_WHAT YOU WILL DO_
Exactly the lines from the line with "Từ khóa: Thiết" through the final line of the records below, both ends included, are to be set down. Do not include pictures.
──────── STORED DATA ────────
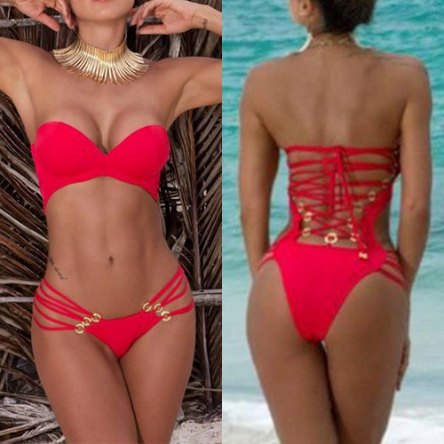 sexy and sultry. Decorated with metal ring makes it more chic. A must-have item for your seaside trip.
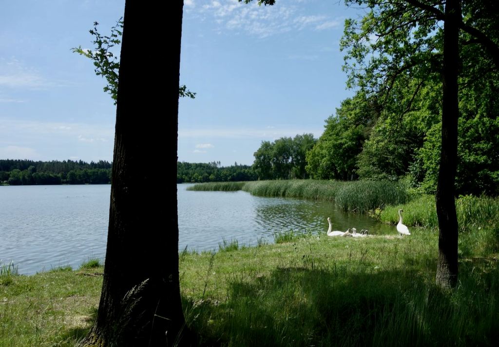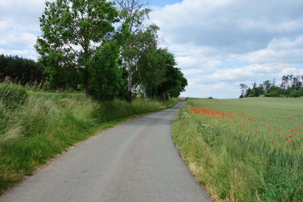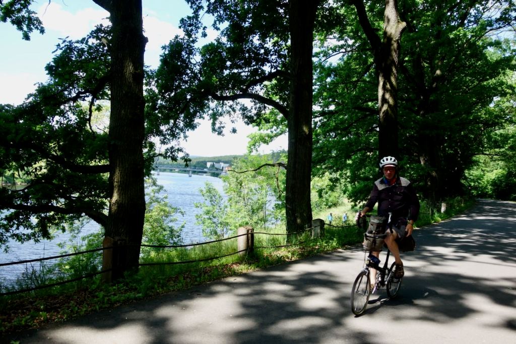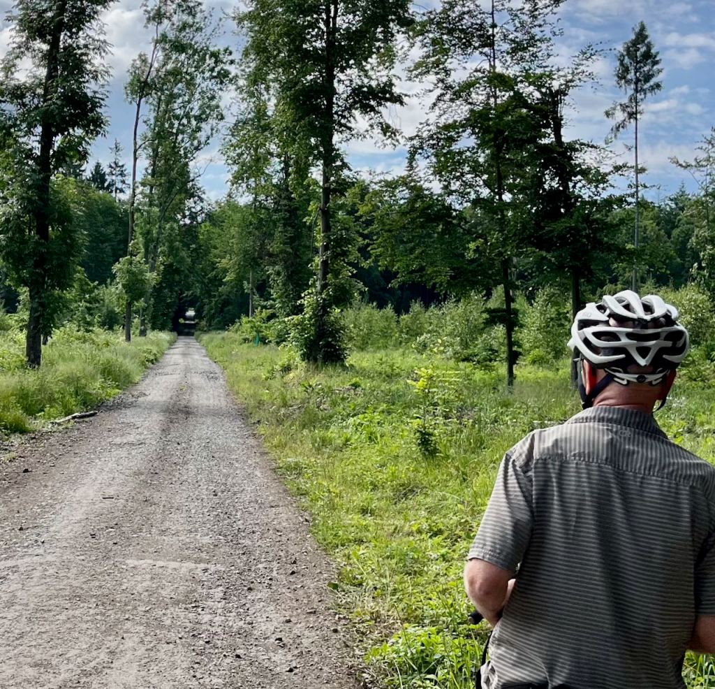 Eventually our route found paved roads, at least for a while. It was to be one of the delights of this trip that for the next eight days we hardly ever had to cycle on roads with significant car traffic. Czech country roads and paths do seem to connect with each other, unlike the Eastern US, which I know well, where such roads are usually dead ends. Nowhere here in Czechia did there seem to be concerns about crossing private property, another big issue in the US. Indeed, on remote American remote gravel roads one has to worry about being shot at!
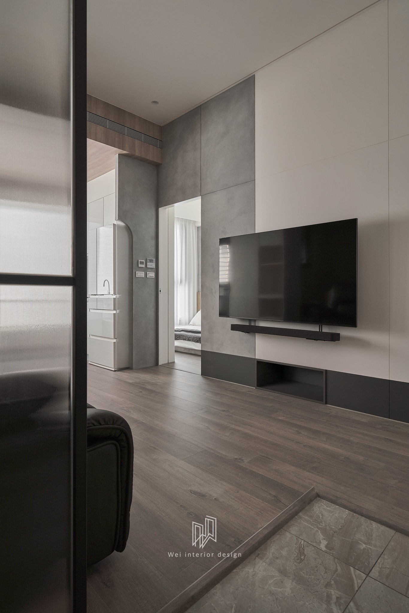 Từ khóa: Thiết kế nội thất căn hộ 16 Ping, phong cách hiện đại gương xám và kính sọc, sơn hiệu ứng Nga trong nội thất, giải pháp căn hộ 1+1 phòng ngủ, thiết kế nội thất ánh sáng LED hiện đại.
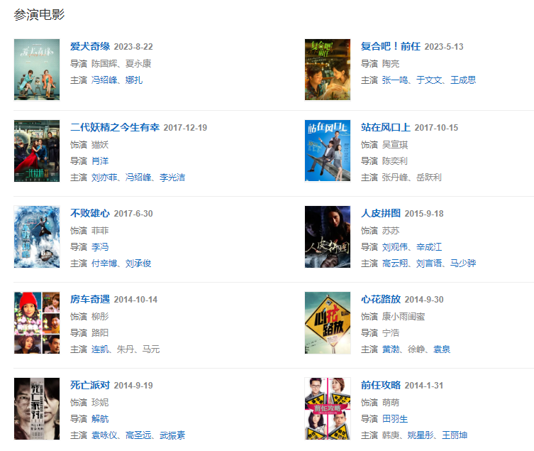 代表作品:問君能有幾多愁、冰與火的青春、雙城計中計、非緣勿擾、死亡派對、故夢
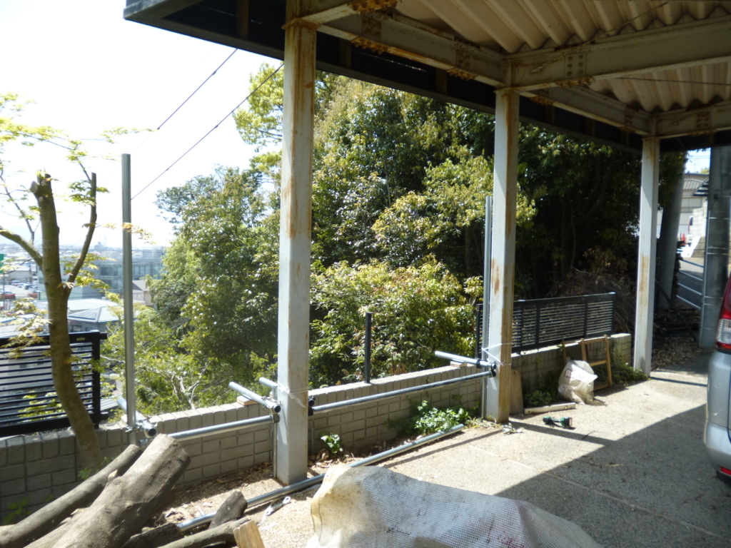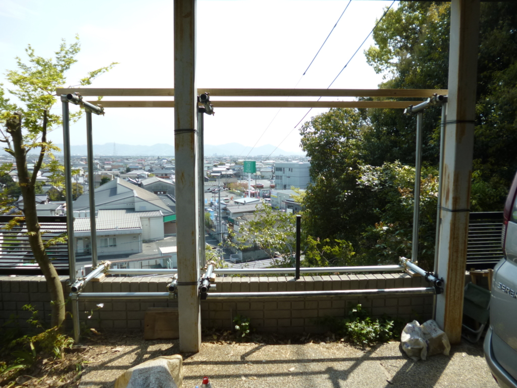 まず縦の単管パイプを立てガレージの支柱に仮止めします。
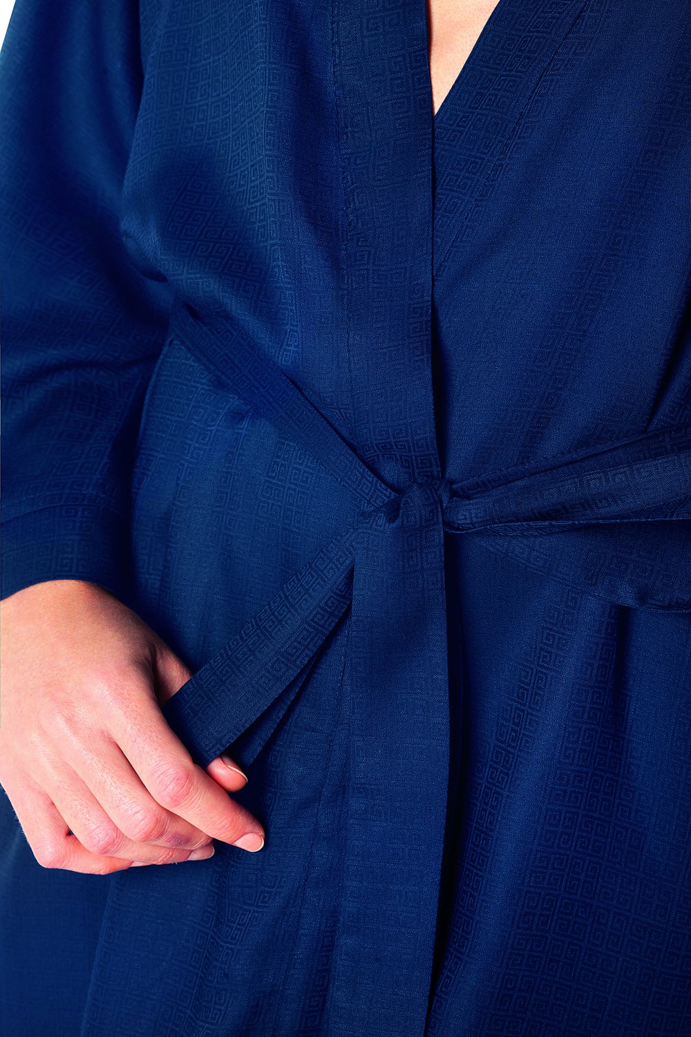 O suntuoso robe Splendore marinho envolve o corpo com o toque do jacquard de padrões gregos. Esta peça possui modelagem solta, amarração na cintura e mangas amplas, que a tornam aconchegante e sofisticada.
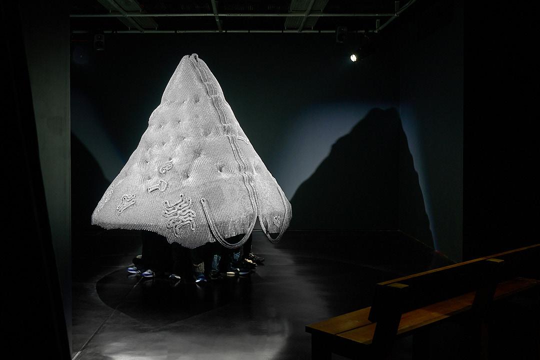 In the darkened gallery installation, the massive illuminated armoured cloak holds your attention – its form is reminiscent of a quilted duvet, clutched tight at the head, supported by the legs of those who hold it up. The people are represented by their shoes, which are visible under the cloak’s edges. The suit faces two rows of church pews. An accompanying soundscape uses well-known songs, slowed or distorted, to conjure ‘a place for reflection – a space of both judgement and salvation’.
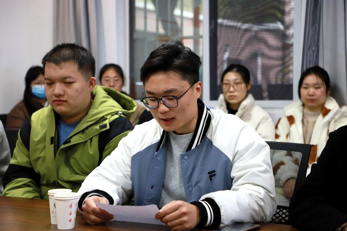 活动中,管理学院本科生党员俞倩霞分享了自己的成长经历,汇报了自己经过不断努力已成功保研至上海大学,也介绍了支部的组织生活情况。管理学院物流2202班班长杜钰灵表示,班级同学目标明确,在班风学风建设、科研比赛、创新能力等方面均有所突破,超过半数的同学都在为考研、考公或就业做准备,班风学风良好。财经学院金融2102班陈楚汶汇报了宿舍发展情况,并介绍了自己努力参加科研比赛、社会实践和志愿服务经历,现已成功保研至中国海洋大学。
────────
_RESPONSE AREA_
 Từ khóa: Thiết kế nội thất căn hộ 16 Ping, phong cách hiện đại gương xám và kính sọc, sơn hiệu ứng Nga trong nội thất, giải pháp căn hộ 1+1 phòng ngủ, thiết kế nội thất ánh sáng LED hiện đại.
 代表作品:問君能有幾多愁、冰與火的青春、雙城計中計、非緣勿擾、死亡派對、故夢
 まず縦の単管パイプを立てガレージの支柱に仮止めします。
 O suntuoso robe Splendore marinho envolve o corpo com o toque do jacquard de padrões gregos. Esta peça possui modelagem solta, amarração na cintura e mangas amplas, que a tornam aconchegante e sofisticada.
 In the darkened gallery installation, the massive illuminated armoured cloak holds your attention – its form is reminiscent of a quilted duvet, clutched tight at the head, supported by the legs of those who hold it up. The people are represented by their shoes, which are visible under the cloak’s edges. The suit faces two rows of church pews. An accompanying soundscape uses well-known songs, slowed or distorted, to conjure ‘a place for reflection – a space of both judgement and salvation’.
 活动中,管理学院本科生党员俞倩霞分享了自己的成长经历,汇报了自己经过不断努力已成功保研至上海大学,也介绍了支部的组织生活情况。管理学院物流2202班班长杜钰灵表示,班级同学目标明确,在班风学风建设、科研比赛、创新能力等方面均有所突破,超过半数的同学都在为考研、考公或就业做准备,班风学风良好。财经学院金融2102班陈楚汶汇报了宿舍发展情况,并介绍了自己努力参加科研比赛、社会实践和志愿服务经历,现已成功保研至中国海洋大学。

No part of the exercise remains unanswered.